6814 SCRI_RS_7407 C T 6 0.287
6815 SCRI_RS_81903 A G 0 0.119
6816 SCRI_RS_8250 A C 0 0.052
6817 SCRI_RS_8401 C T 0 0.415
6818 SCRI_RS_88466 G T 1 0.157
6819 SCRI_RS_88710 A G 0 0.096
6820 SCRI_RS_9327 C T 0 0.281
6821 SCRI_RS_9584 G T 0 0.385
6822 SCRI_RS_9618 C T 3 0.091
# total valid markers=6822
The resulting SBCC_9K_LFMM.tr.tsv file is the SNPSFILE required by LFMM. Note that file SBCC_9K_LFMM.annot.tsv with matching fullnames of SNPs (columns) is produced alongside.

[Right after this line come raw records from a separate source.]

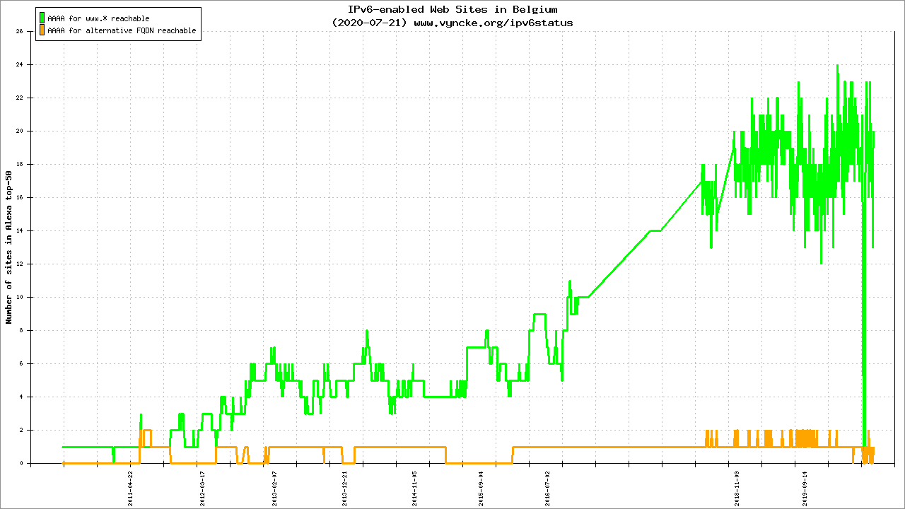 圖3 比利時(shí)TOP 50網(wǎng)站IPv6支持?jǐn)?shù)量趨勢(shì)
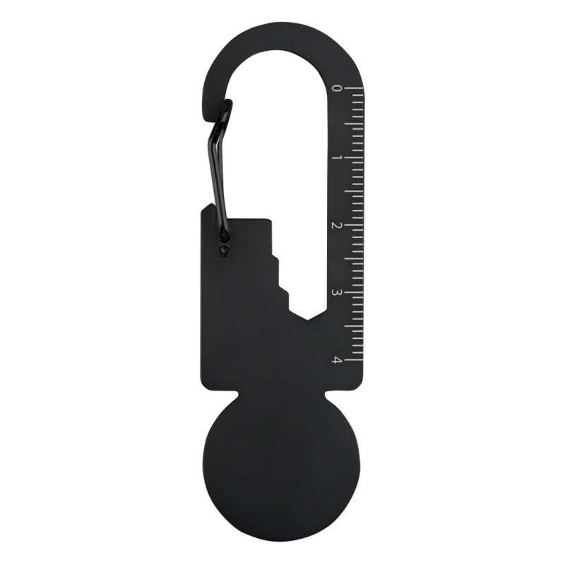 Multifunctional tool including: bottle opener, ruler, shopping cart coin, carabiner, hex driver wrench in various sizes, key holder
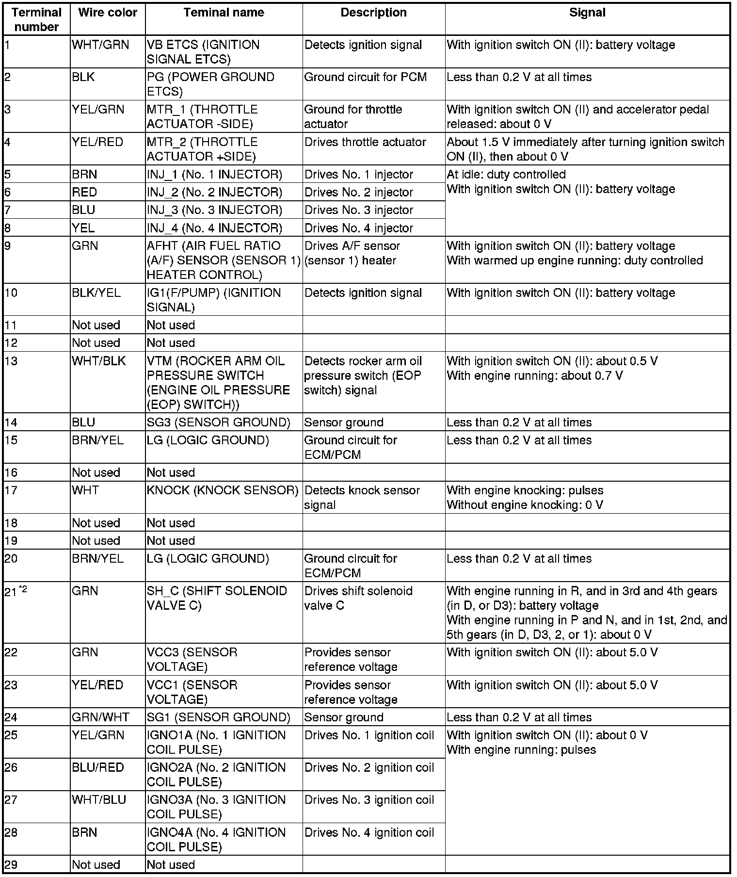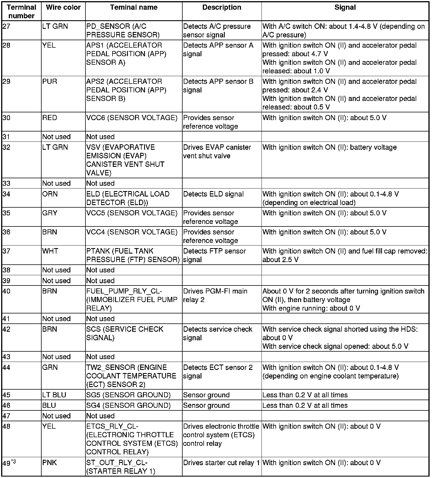 ECM/PCM Connector for Inputs and Outputs
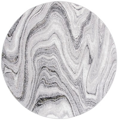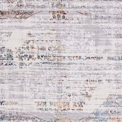 Adorned with an intricate charcoal and grey contemporary design that has taken inspiration from classic motifs, this rug marries traditional patterns with a modern palette. Its round shape makes it a versatile addition to any room, whether it's under a dining table or accentuating a living space.

We realised that LFMM does not cope well with missing data, as in our tests markers with missing data were two orders or magnitude more likely to be associated to climate vars. Therefore we used instead a dataset with imputed missing calls, which is contained in file SBCC_9K_SNPs.imputed.tsv. The following code filters out SNPs with with \(MAF \geq 0.05\):
./SNPimp2LFMM.pl SBCC_9K_SNPs.imputed.tsv SBCC_order.txt \
SBCC_9K_LFMM.imputed.tsv 2> SBCC_9K_LFMM.imputed.log
./SNPimp2LFMM.pl SBCC_9K_SNPs.imputed.tsv SBCC_order_complete_env.txt \
SBCC_9K_LFMM.complete.imputed.tsv 2> SBCC_9K_LFMM.complete.imputed.log
perl -F'\t' -ane '$r++;for(1 .. $#F){$m[$r][$_]=$F[$_-1]};$mx=$#F;END{for(1 .. $mx){for $t(1 .. $r){print"$m[$t][$_]\t"}print"\n"}}' SBCC_9K_LFMM.imputed.tsv > SBCC_9K_LFMM.imputed.tr.tsv
perl -F'\t' -ane '$r++;for(1 .. $#F){$m[$r][$_]=$F[$_-1]};$mx=$#F;END{for(1 .. $mx){for $t(1 .. $r){print"$m[$t][$_]\t"}print"\n"}}' SBCC_9K_LFMM.complete.imputed.tsv > SBCC_9K_LFMM.complete.imputed.tr.tsv
head SBCC_9K_LFMM.imputed.log
echo ...
tail SBCC_9K_LFMM.imputed.log
# MAF=0.05
# total samples in SBCC_order.txt: 135
# creating SBCC_9K_LFMM.imputed.annot.tsv
# total valid samples: 135
# snpname allele1 allele2 other MAF
1 B3258773|F|0 0 1 0 0.059
2 3256790|F|0 0 1 0 0.311
3 BOPA2_12_10420 0 1 0 0.467
4 BOPA1_3107-422 0 1 0 0.096
5 SCRI_RS_204276 0 1 0 0.289
...
6120 BOPA2_12_30827 0 1 0 0.370
6121 BOPA2_12_30826 0 1 0 0.370
6122 3256939|F|0 0 1 0 0.119
6123 BOPA1_1437-687 0 1 0 0.363
6124 BOPA2_12_10378 0 1 0 0.089
6125 BOPA2_12_31019 0 1 0 0.089
6126 3260398|F|0 0 1 0 0.111
6127 SCRI_RS_167617 0 1 0 0.200
6128 SCRI_RS_123211 0 1 0 0.407
# total valid markers=6128
The resulting SBCC_9K_LFMM.imputed.tr.tsv file is the SNPSFILE which will be used by LFMM (n=6128). Note that file SBCC_9K_LFMM.imputed.annot.tsv with matching fullnames of SNPs (columns) is produced alongside.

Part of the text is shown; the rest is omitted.